膨大な魔力を身体から放つナギが、さらに魔力を放出する。

 

「雷の暴風!!」

 

 ここにきて、ナギがはじめて魔法を放つ。中クラスの風と雷の魔法だが、本来の魔法の威力と桁違いであった。

 稲妻と暴風が吹き荒れ、クズ転生者を塵へと変えるなど、もはや、千の雷並みの威力をもっていた。

 

「あれはもしや…?」

 

 その光景に影の使徒がある推測をたてると、赤翼皇の魔杖の声が鳴る。

 

『Level3』

 

 さきほど、桁違いの魔力と気がさらに放出される。同時に目では見えないが、じつはナギの身体もさきほどは比べられないほど力が上がっていた。

 

「オラオラオラオラオラオラオラオラオラオラオラオラオラオラオラオラオラオラオラオラオラオラオラオラオラオラオラオラオラオラオラオラオラオラオラオラ!!!」

「ぐっは!?」

「がっぼっ!?」

「ぎゃっぁあああ!?」

 

 クズ転生者たちを喧嘩殺法で、殴る、蹴る、頭突きする、急所を突くなどするナギ。けれど、その動きはすでに人の限界を超えており、触っただけで致命傷になる宝具などの紙一重でよけ、早業でクズ転生者を倒していく。

 

 

 その拳で歪みきったイケメンな顔を殴り潰し

 

 その蹴りで華奢な胴体を凹ませ

 

 その指で狂気で濁った色違いの瞳を貫き

 

 その紅い杖でクズの心臓を掻き出す

 

 

 その姿はまさに『悪魔』。

 

 弱者を容赦なく惨殺する紅い悪魔がここにいた。

 

「なんともむごい…もう、一方的な虐殺です!」

「ナギの奴め。新しい力に浮かれておるな。大丈夫かー?」

「浮かれてるっていうより、ハイテンションになってるだけだと思いますよ?」

「ナギのことだし、大丈夫でしょう。たぶん」

「まるで白夜叉モードに銀さんみたいだ…」

「いいぞナギ!もっとやれー!」

「相手はクズだ!泣いて抗議する親はないぞ〜!」

「俺たちに手を出したこと、後悔させてやれぇ!」

 

 紅い翼サイドでは、詠春とゼクトがナギを心配し、ラカンとキョウスケと遮那がナギの活躍をはしゃいで応援していた。

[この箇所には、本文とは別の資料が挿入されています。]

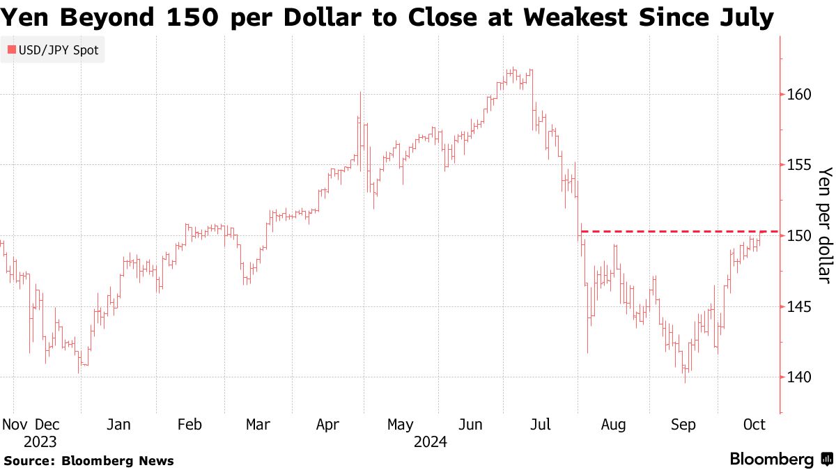 日元跌至关键的150水平,增加了干预风险 - 彭博社
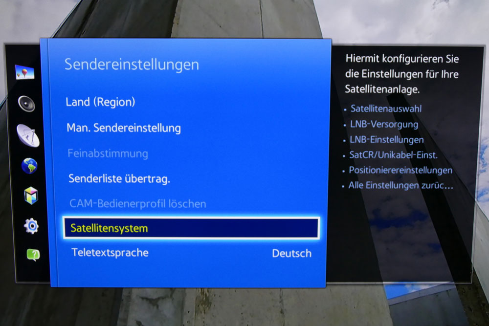 Hallo, ihr habt hier eine tolle Erklärung erstellt allerdings habe ich das Problem, dass bei meinem Samsung UE46F6500 unter dem angegebenem Menü die Option --SatCR/Unicable-- gar nicht angezeigt wird
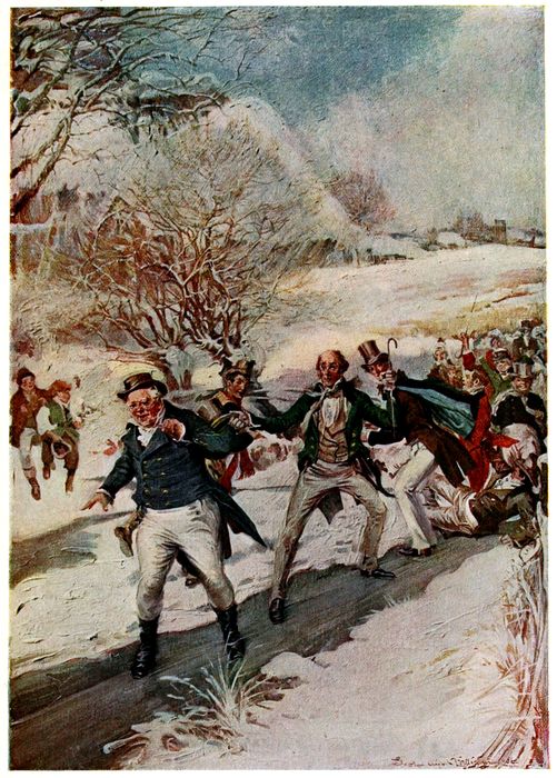 Meanwhile, Mr. Pickwick and his friends having walked their blood into active circulation, proceeded cheerfully on; the paths were hard, the grass was crisp and frosty, the air had a fine, dry, bracing coldness, and the rapid approach of 41the grey twilight (slate-coloured is a better term in frosty weather) made them look forward with pleasant anticipation to the comforts which awaited them at their hospitable entertainer’s. It was the sort of afternoon that might induce a couple of elderly gentlemen, in a lonely field, to take off their great coats and play at leap-frog in pure lightness of heart and gaiety; and we firmly believe that had Mr. Tupman at that moment proffered “a back,” Mr. Pickwick would have accepted his offer with the utmost avidity.
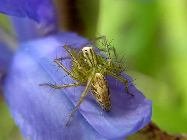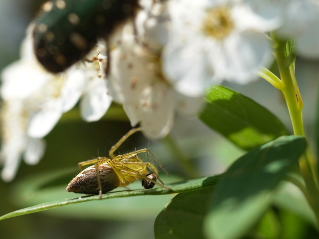 5月に入って、庭のあちこちでササグモを見かけるようになりました。こんなに姿が丸見えでも、ちゃんと獲物が捕れるということは、獲られる方の視野が狭いのかな。
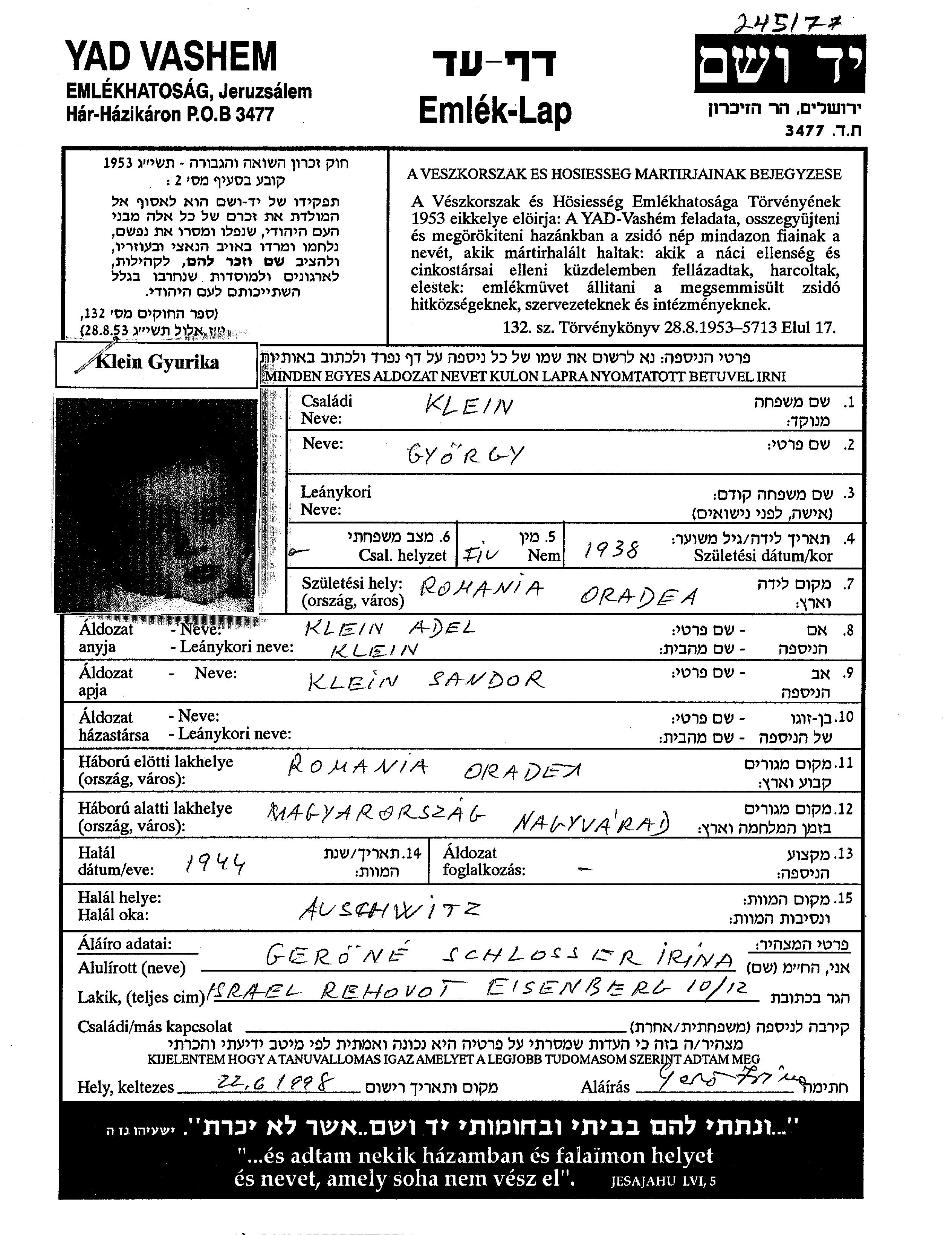 Дьёрдь Клейн, место рождения: Орадя, Румыния. Место жительства до войны: Орадя, Румыния.
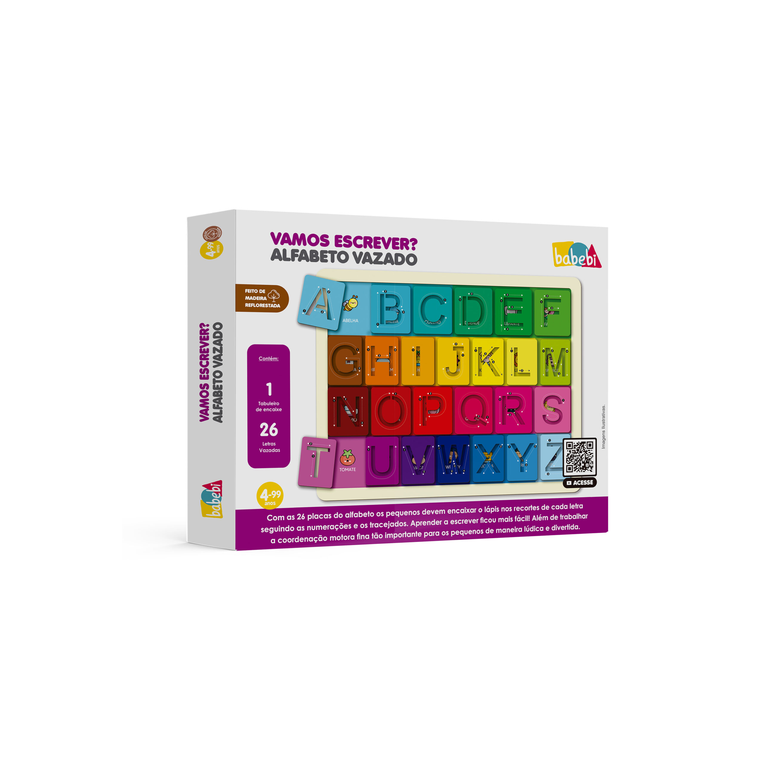 Contém 1 tabuleiro com 26 letras vazadas. Indicado para crianças a partir de 4 anos.
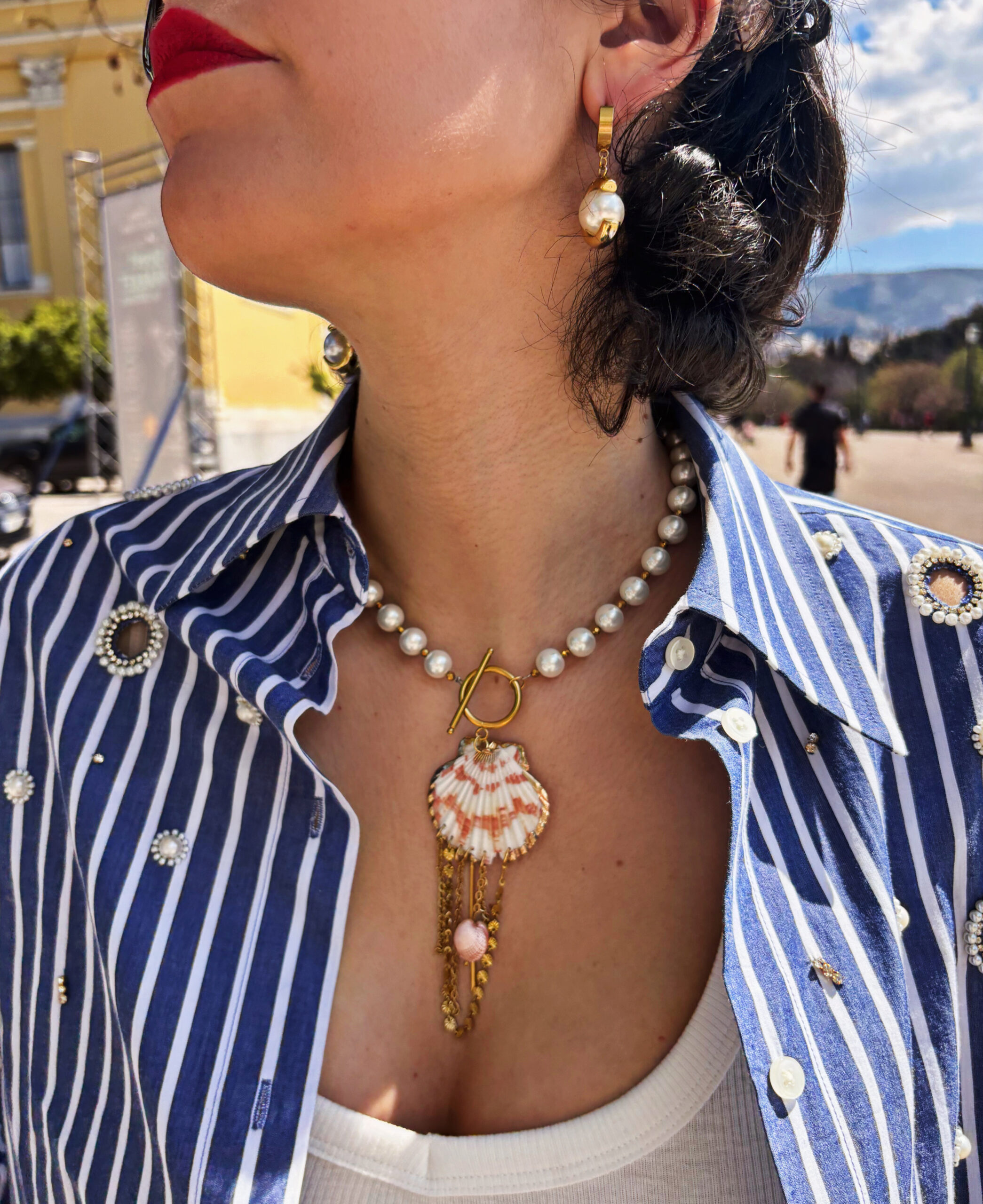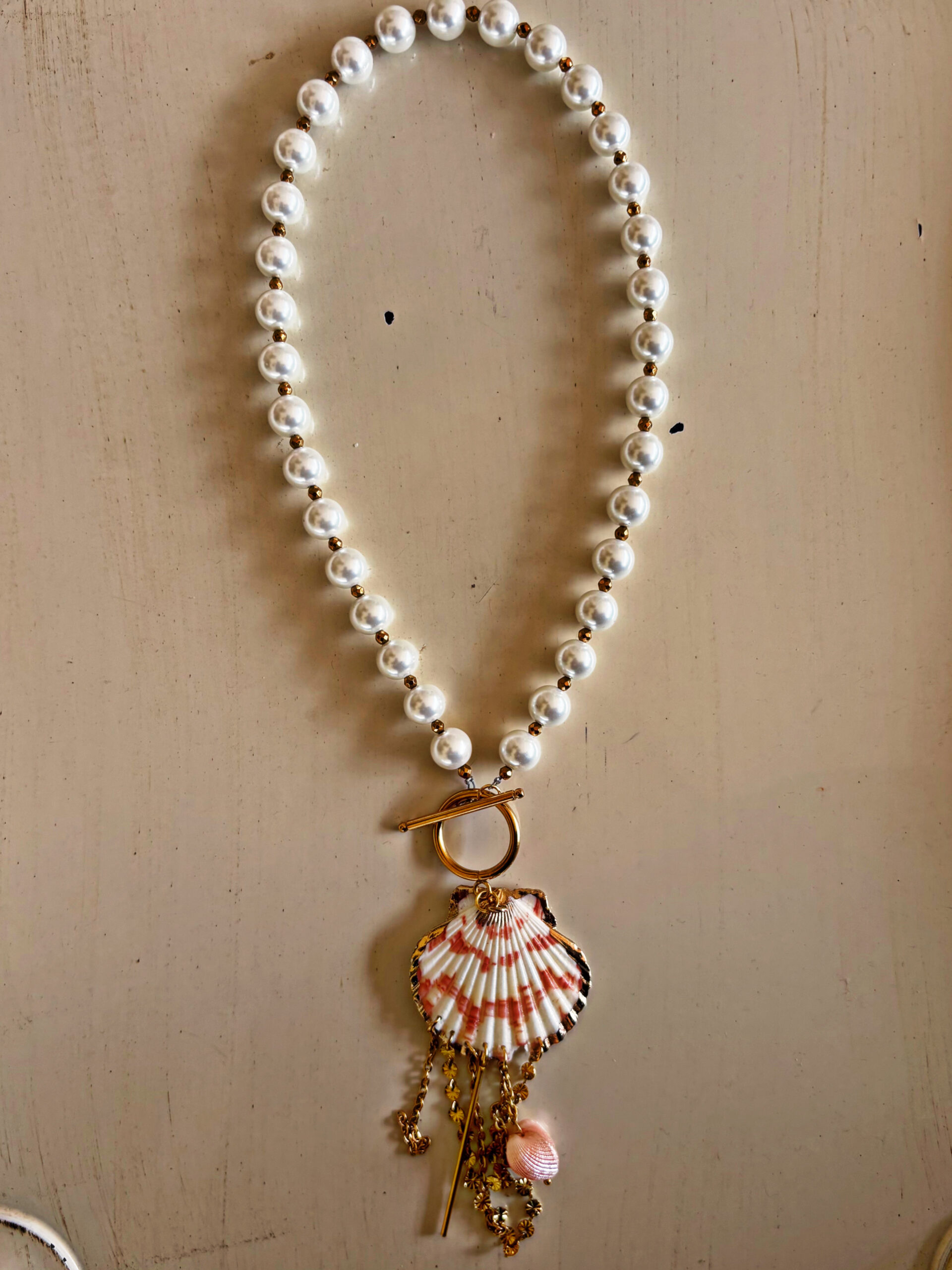 Εντυπωσιακό κολιέ με πέρλες,αιματίτες και μεγάλο φυσικό κοχύλι με ατσάλινες αλυσίδες.

 一刀にいたっては、ナギの姿が恩師の面影が重なってみえていた。

 

「リズ、改めておまえを見直してぜっ。こんなすげぇ杖を作れるなんて、おまえはすげぇよ!最高だぜ!」

 

 悪魔ことナギが笑みをこぼし、悪魔に武器を与えた少女に感謝する。

 その武器に、影の使徒の推測が確証へと変わった。

 

「間違いない!?あの杖で千の呪文の男の力が格段と上がってる!」

「なんだと!?まさか、あの杖は強力なアーティファクトか魔道具なのか!?」

「いえ、アレはそんな強化の類ではない!?あれはもう人の域を超えている!もっと、存在という生態ピラミットの階段を飛び越える、そのような感じだ!?」

「そのとおり!」

 

 クズ転生者を倒しながらナギが胸を誇って言う。

 

「これが『赤翼皇の魔杖』…【発展】の力の一つ『リミデット・ブレイク(限定突破)』!十秒後ごとに、自分の力を【飛躍】させ、レベルアップさせることができる!つまり、時間が経つほど俺のレベルが上がり、レベルが上がれが上がるほど、俺はいずれ生態系の頂点ところか、神や魔王を超えることができるッってことだ!」

「神や魔王を超えるだと!?」

 

 アーウェルンクスたちがまた驚く。悪魔よりの上の魔王、ならびに神をも超えるなど歴史上に存在しない。それをナギが出来ると言い張った。アーウェルンクスはナギの目が嘘を言ってる目には見えず、彼なら本当に神や魔王を超える、と内心思ってしまう。

 

「おい、一刀。アレ、なんかマサトの篭手の能力に似てないか?」

 

 仲間であるマサトがもつ赤龍帝の籠手と似ているためラカンが一刀に質問した。

 

「うーんちょっと違うな。そもそもドライグのは力を【倍増】で、アヴァロデウスのはいわば【飛躍】だ。質と能力は似てるけど、倍増はあくまで元々の力…つまり、能力値を倍加するもの。飛躍はステータスを一段ずつランクアップさせるもので、力の底上げの仕方が違うんだ」

「うーん?もうすこし、分かりやすく説明してくれない?」

 

 ラカンや博識のある仲間はある程度理解できたが、リーファや遮那などはあまり理解できていなかった。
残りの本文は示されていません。